I perform a lot of pattern matching on my Expression type. The commutativity of addition and multiplication would really help me to do things like collect like terms and also greatly reduce the quantity of cases I need to write.
For example, it would shorten:

case let .multiply(.add(a, b), .add(c, .log)),
     let .multiply(.add(a, b), .add(.log, c))
     let .multiply(.add(c, .log), .add(a, b)),
     let .multiply(.add(.log, c), .add(a, b)): //...

With:

case let .multiply(.add(a, b), .add(c, .log)): //...

First Attempt

I wanted to find a way to simplify and shorten all of my commutative cases, so I decided to make an ExpressionPattern enum and define an overload of the pattern matching operator ( ~= ).

enum ExpressionPattern {
    case commutativeMultiply(Expression, Expression)
    case commutativeAdd(Expression, Expression)
}

func ~= (lhs: ExpressionPattern, rhs: Expression) -> Bool {
    switch lhs {
    case let .commutativeMultiply(a, b):
        switch rhs {
        case .multiply(a, b), .multiply(b, a):
            return true
        default:
            return false
        }

    case let .commutativeAdd(a, b):
        switch rhs {
        case .add(a, b), .add(b, a):
            return true
        default:
            return false
        }
    default:
        return false
    }
}

I want to be able to replace pattern matching statements like:

case let .add(.n(3), a), let .add(a, .n(3)) where a > 10: //matches (a + 3), (3 + a)
//...

With:

case let .commutativeAdd(.n(3), a) where a > 10: //matches (a + 3), (3 + a)
//...

When I tried to do this for the first time though, I got an error say "Pattern variable binding cannot appear in an expression".

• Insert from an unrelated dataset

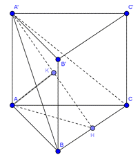 Kẻ \(AK \bot A'H\) , lại có \(AK \bot BC \Rightarrow AK \bot \left( {A'BC} \right) \Rightarrow {d_{A \to \left( {A'BC} \right)}} = AK = \dfrac{a}{2}\)

Note: I am aware that this match works if I use the exact, final values without value binding, but I utilize this feature in many places throughout my project so it is sort of a necessity for me.

Usage Attempt:

let expression: Expression = Expression.add(.divide(.n(1), .n(2)), .subtract(.n(3), .n(4)))
switch expression {

case let .commutativeAdd(.subtract(a, b), .divide(c, d)): //Error: Pattern variable binding cannot appear in an expression.
    print("This matches: ((\(a) - \(b)) + (\(c) ÷ \(d))) and ((\(c) ÷ \(d) + (\(a) - \(b)))")

default: 
   break

}

Not deterred, I decided to try again and make some changes to Expression itself to make it pattern match commutatively without any helper enum or anything. Changing how Expression itself inherently behaves is more useful/easier to use anyways.

Second Attempt

For my second attempt I changed the definition of Expression 's == function, and tried to override its default implementation of ~= .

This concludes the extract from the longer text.